Don't include any picture when you restate the data word for word.

## Task inputs
• • • • • • •

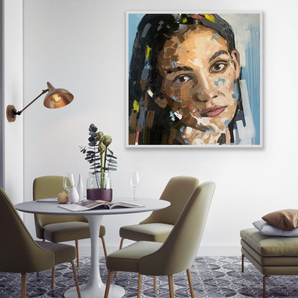 Ręcznie malowany, olejny obraz “Nel” 100×100 . Tajemnicza piękność
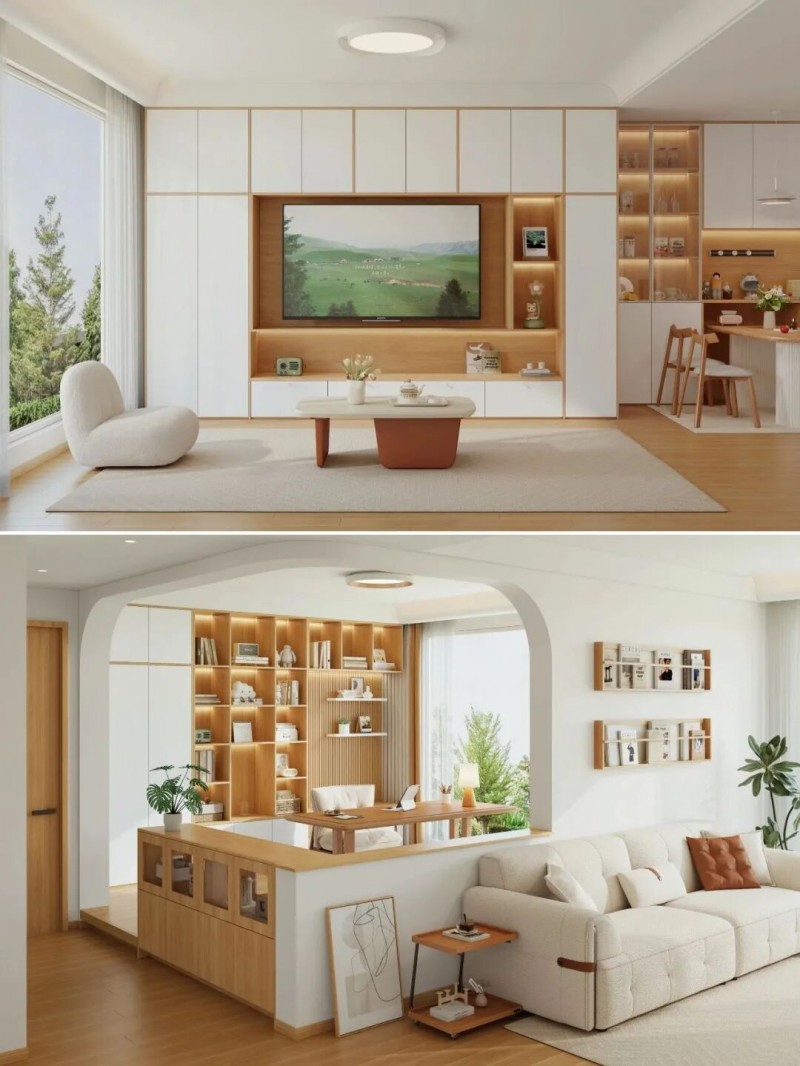 怕原木风沉闷的可以选这个。在温馨原木的基础上,柜子尽量选大面积白色,再点缀几株绿植,拥有满满的清新感。不厚重不压抑,温馨又有呼吸感。
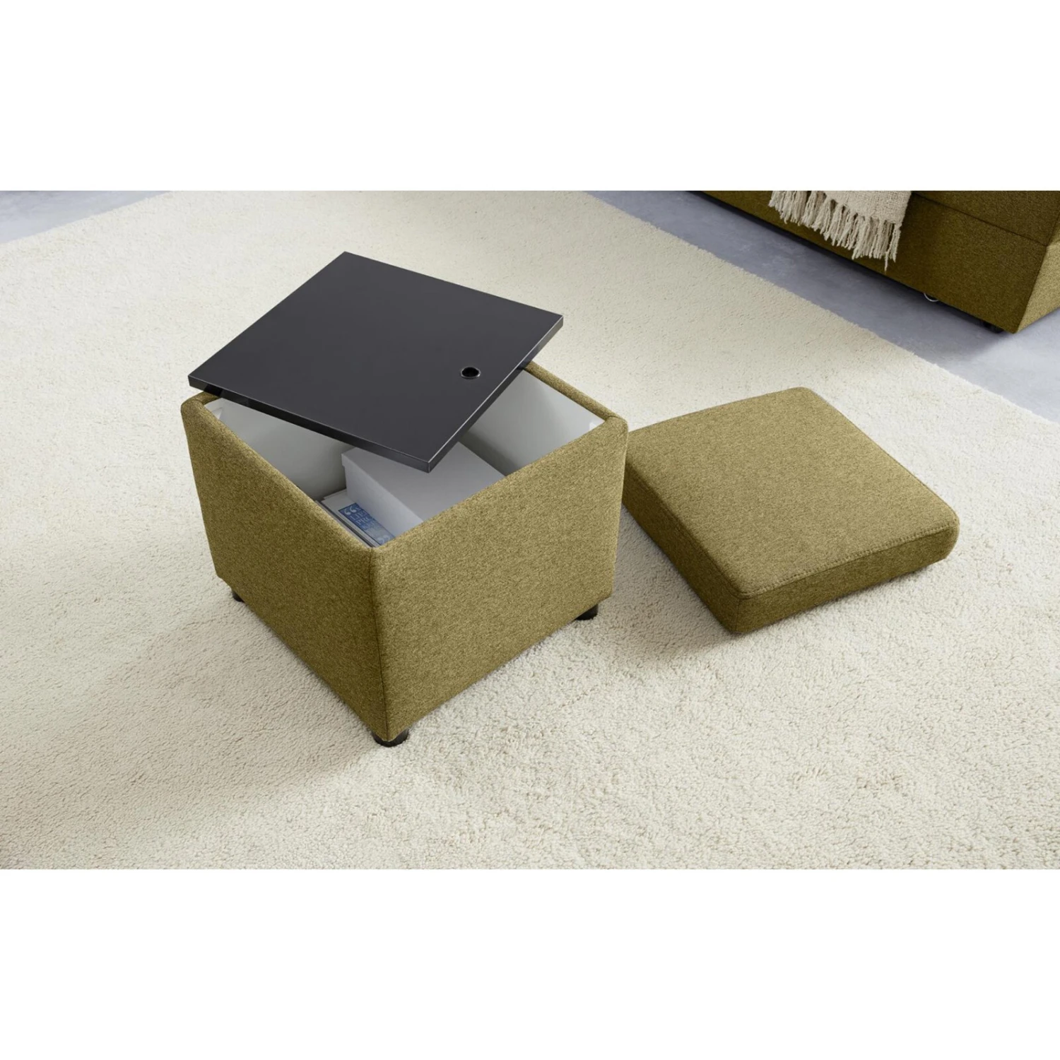 Dieser gemütliche Polsterhocker ist ein wahres Multitalent für Ihr Wohnzimmer. Die Boxspringfederung sorgt für einen hervorragenden Sitzkomfort. Der Hocker verfügt über ein Staufach, das sich eignet, um kleine Utensilien zu verstauen. Mit wenigen Handgriffen können Sie den Hocker zudem in einen Tisch verwandeln.
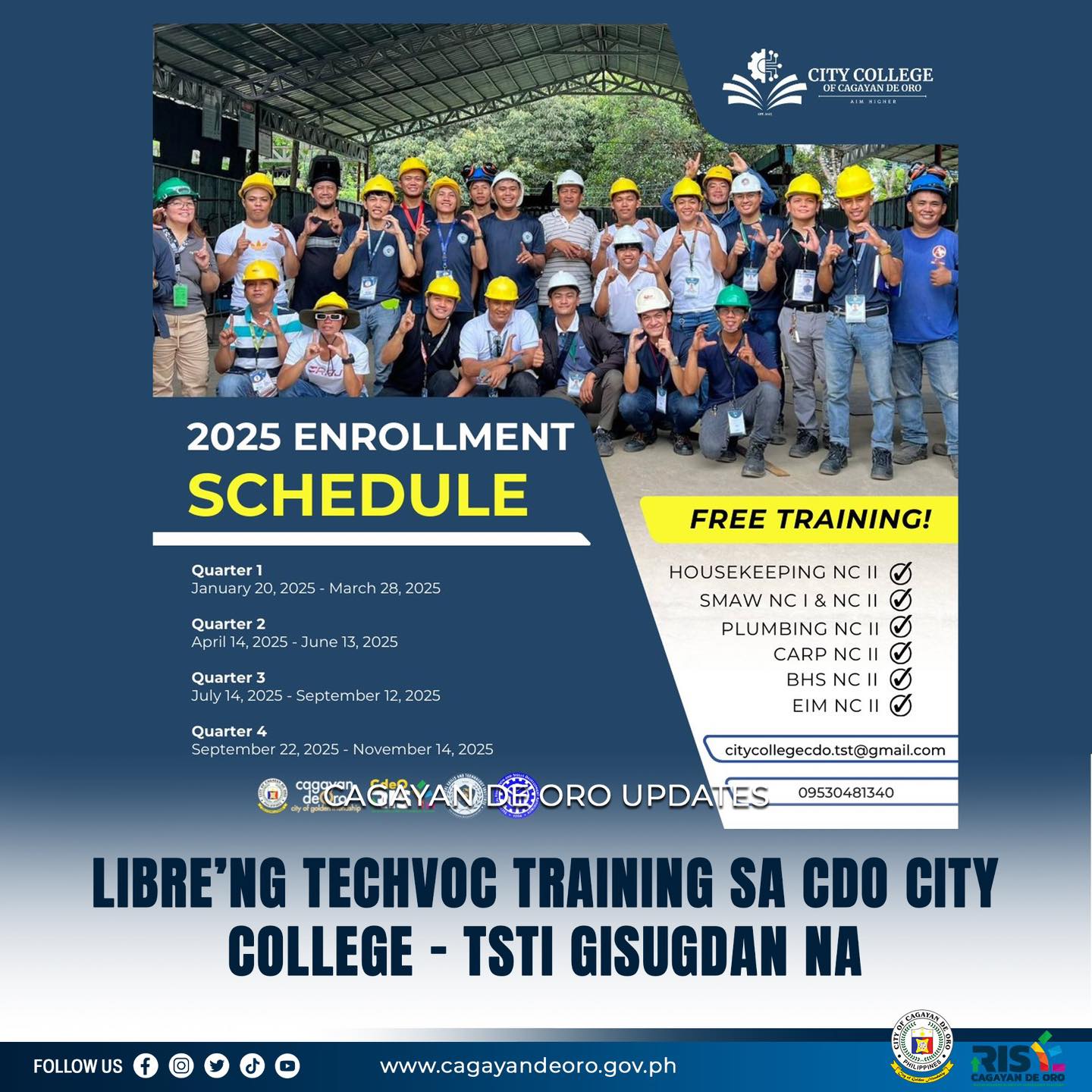 GISUGDAN na sa CDO City College – Technical Skills and Technology Institute (CDO City College TSTI) ang pagdawat og mga buot motungha og libreng technical-vocational skills alang sa 1st Quarter sa tuig 2025.
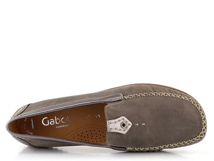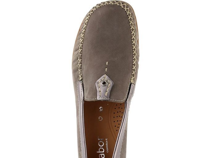 Luxusní dámské mokasíny od značky Gabor představují ideální volbu pro jarní a letní sezónu. Tento model vyniká prostorným a skvěle padnoucím střihem, který zaručuje maximální komfort. Svrchní materiál je vyroben z nubukové kůže doplněné o hladkou kůži, což dodává botám elegantní vzhled. Mokasíny se pyšní kouřovým hnědým odstínem v kombinaci s metalickou bronzovou barvou a módně prošívaným lemem špičky.
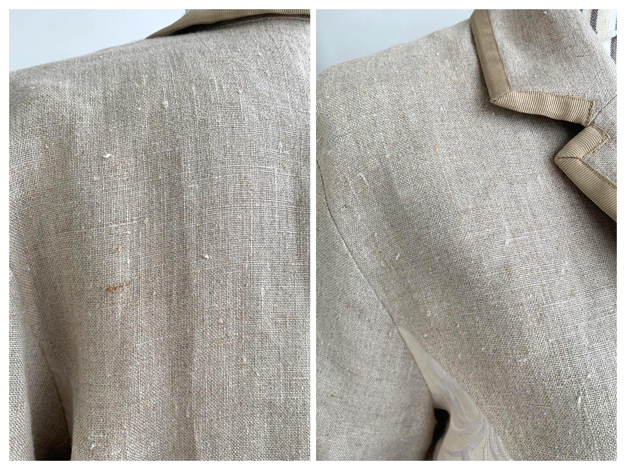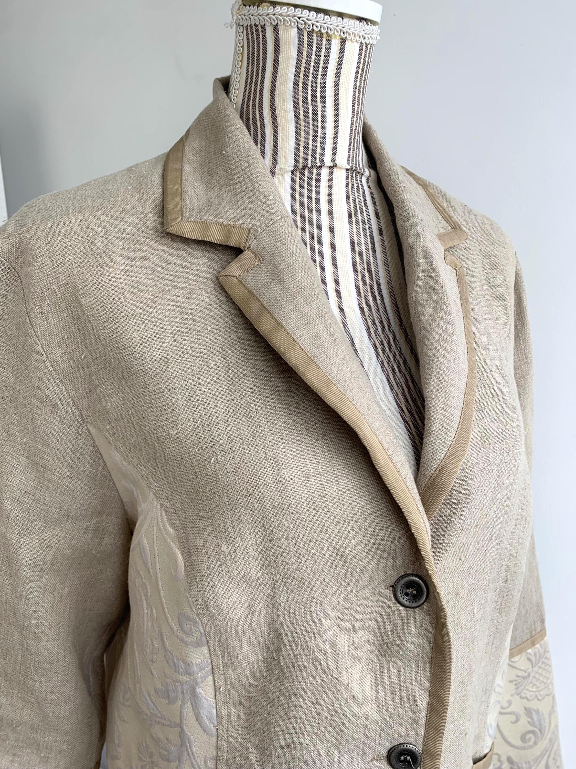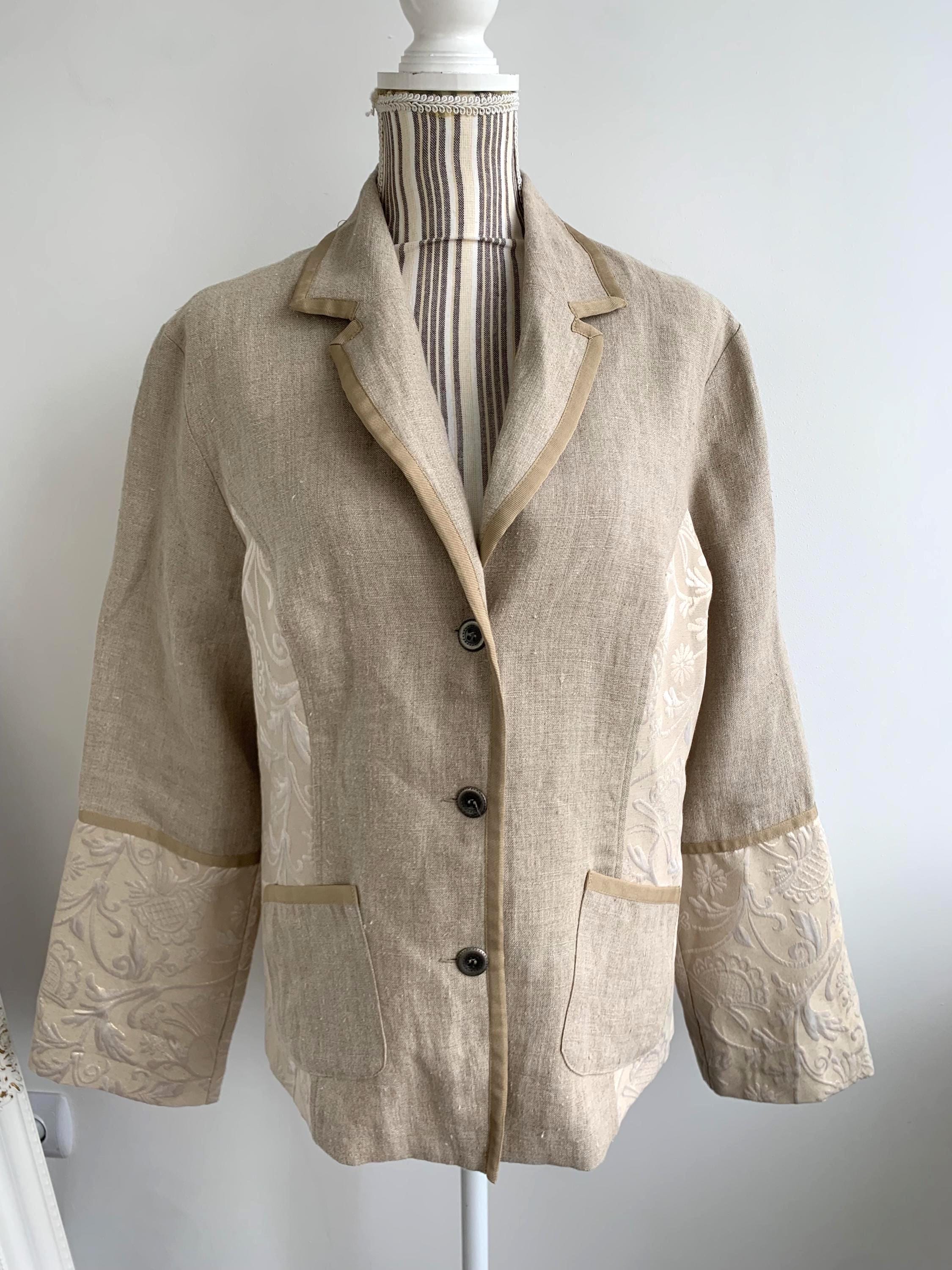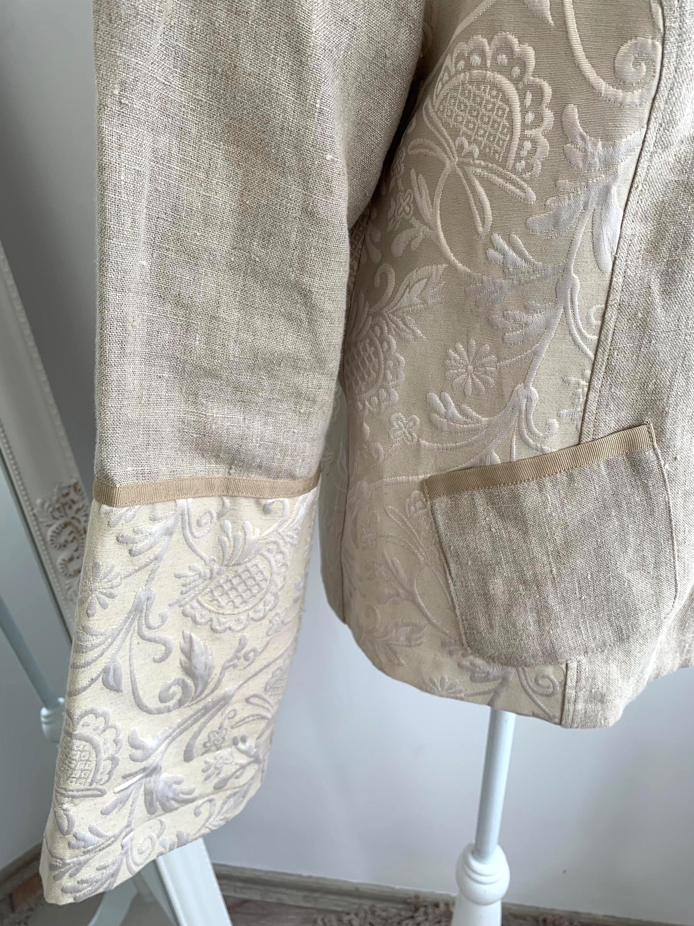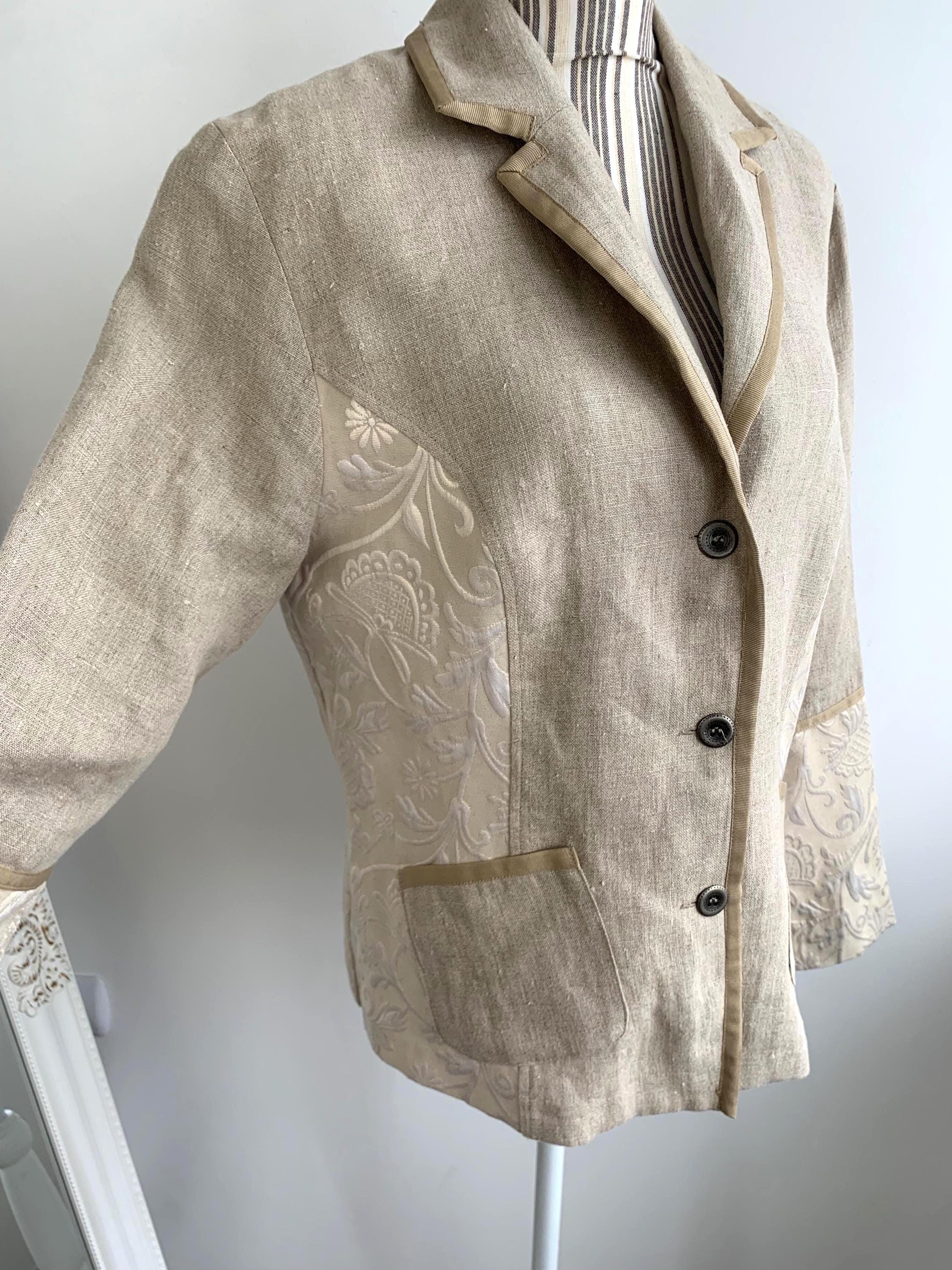 Beautiful vintage Y2K cotton linen blend blazer jacket with lurex and acetate accents by the brand Andrea. This summer blazer has stylish lapel collar and pockets. This elegant outerwear piece is made of rough cotton linen blend fabric which has natural texture and acetate floral paisley print lurex jacquard accents at the sides and sleeves. This spring linen jacket has two side pockets. It has no lining which makes is perfect for warmer weather. The size marked is 42, which fits like XL.

• • • • • • •

## Expected answer
 Ręcznie malowany, olejny obraz “Nel” 100×100 . Tajemnicza piękność
 怕原木风沉闷的可以选这个。在温馨原木的基础上,柜子尽量选大面积白色,再点缀几株绿植,拥有满满的清新感。不厚重不压抑,温馨又有呼吸感。
 Dieser gemütliche Polsterhocker ist ein wahres Multitalent für Ihr Wohnzimmer. Die Boxspringfederung sorgt für einen hervorragenden Sitzkomfort. Der Hocker verfügt über ein Staufach, das sich eignet, um kleine Utensilien zu verstauen. Mit wenigen Handgriffen können Sie den Hocker zudem in einen Tisch verwandeln.
 GISUGDAN na sa CDO City College – Technical Skills and Technology Institute (CDO City College TSTI) ang pagdawat og mga buot motungha og libreng technical-vocational skills alang sa 1st Quarter sa tuig 2025.
 Luxusní dámské mokasíny od značky Gabor představují ideální volbu pro jarní a letní sezónu. Tento model vyniká prostorným a skvěle padnoucím střihem, který zaručuje maximální komfort. Svrchní materiál je vyroben z nubukové kůže doplněné o hladkou kůži, což dodává botám elegantní vzhled. Mokasíny se pyšní kouřovým hnědým odstínem v kombinaci s metalickou bronzovou barvou a módně prošívaným lemem špičky.
 Beautiful vintage Y2K cotton linen blend blazer jacket with lurex and acetate accents by the brand Andrea. This summer blazer has stylish lapel collar and pockets. This elegant outerwear piece is made of rough cotton linen blend fabric which has natural texture and acetate floral paisley print lurex jacquard accents at the sides and sleeves. This spring linen jacket has two side pockets. It has no lining which makes is perfect for warmer weather. The size marked is 42, which fits like XL.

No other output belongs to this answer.